• **Task instructions**
Print out each entry without alteration, and keep the pictures out.
Segment Open
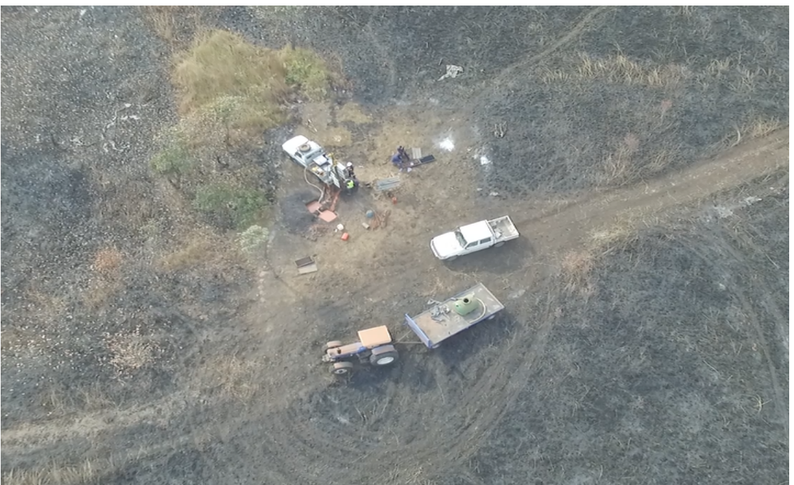
Core drilling of L259 with the mobile Sedidrill rig
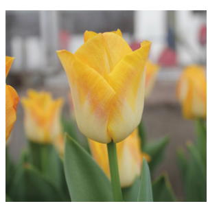
Golden Dynasty Height: 45cm Plant Depth: 10-12cm 20 FOR £7.50
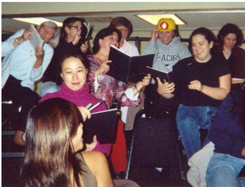
Lighting the way

This brings me to my next point. I'm now the one bearing the costs for printing the paper copies of Tutti. For at least the last year, the paper copies have really been meant for those who couldn't receive Tutti by e-mail, or don't have the means to view and/or print it. Up until the last issue, the paper copies have been printed at the University on University equipment. Since that is no longer the case, I hope you will help reduce my costs by only taking a paper copy if you really need one. If it's a matter of not having a reader for the PDF file, you can download one for free from http://www.adobe.com/products/acrobat/
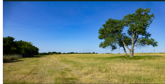
The site may be suitable for commercial and industrial uses

Use Restrictions Land use restrictions include deed restrictions on new wells and digging in capped areas. Future buildings will likely need measures to prevent vapor intrusion.
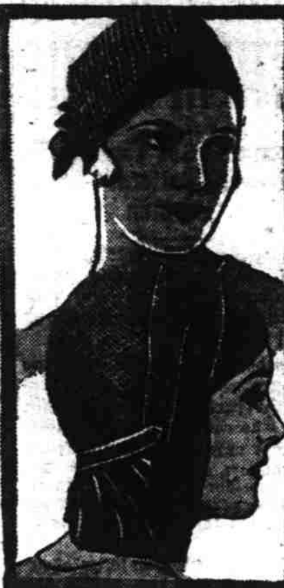
A little "kick up" effect over the left eye is one of the smart features of the new styles.
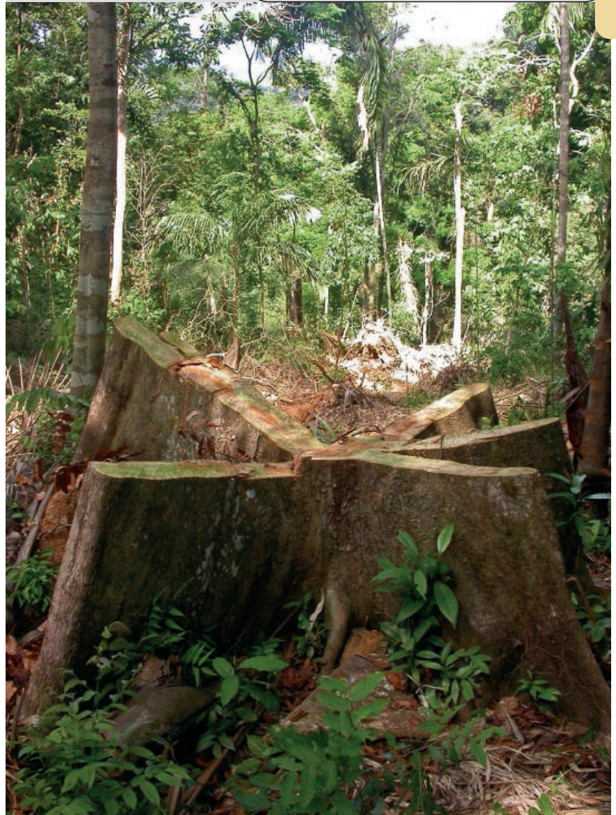
Within the remaining forest logging is done to produce wood for construction and wood charcoal.

The final target of such analysis remains to offer the opportunity to better understand the individual trajectory and logic of migrants and their related use of the land. It is
Segment Closed
• **Exercise response**
Core drilling of L259 with the mobile Sedidrill rig
Golden Dynasty Height: 45cm Plant Depth: 10-12cm 20 FOR £7.50
Lighting the way

This brings me to my next point. I'm now the one bearing the costs for printing the paper copies of Tutti. For at least the last year, the paper copies have really been meant for those who couldn't receive Tutti by e-mail, or don't have the means to view and/or print it. Up until the last issue, the paper copies have been printed at the University on University equipment. Since that is no longer the case, I hope you will help reduce my costs by only taking a paper copy if you really need one. If it's a matter of not having a reader for the PDF file, you can download one for free from http://www.adobe.com/products/acrobat/
The site may be suitable for commercial and industrial uses

Use Restrictions Land use restrictions include deed restrictions on new wells and digging in capped areas. Future buildings will likely need measures to prevent vapor intrusion.
A little "kick up" effect over the left eye is one of the smart features of the new styles.
Within the remaining forest logging is done to produce wood for construction and wood charcoal.

The final target of such analysis remains to offer the opportunity to better understand the individual trajectory and logic of migrants and their related use of the land. It is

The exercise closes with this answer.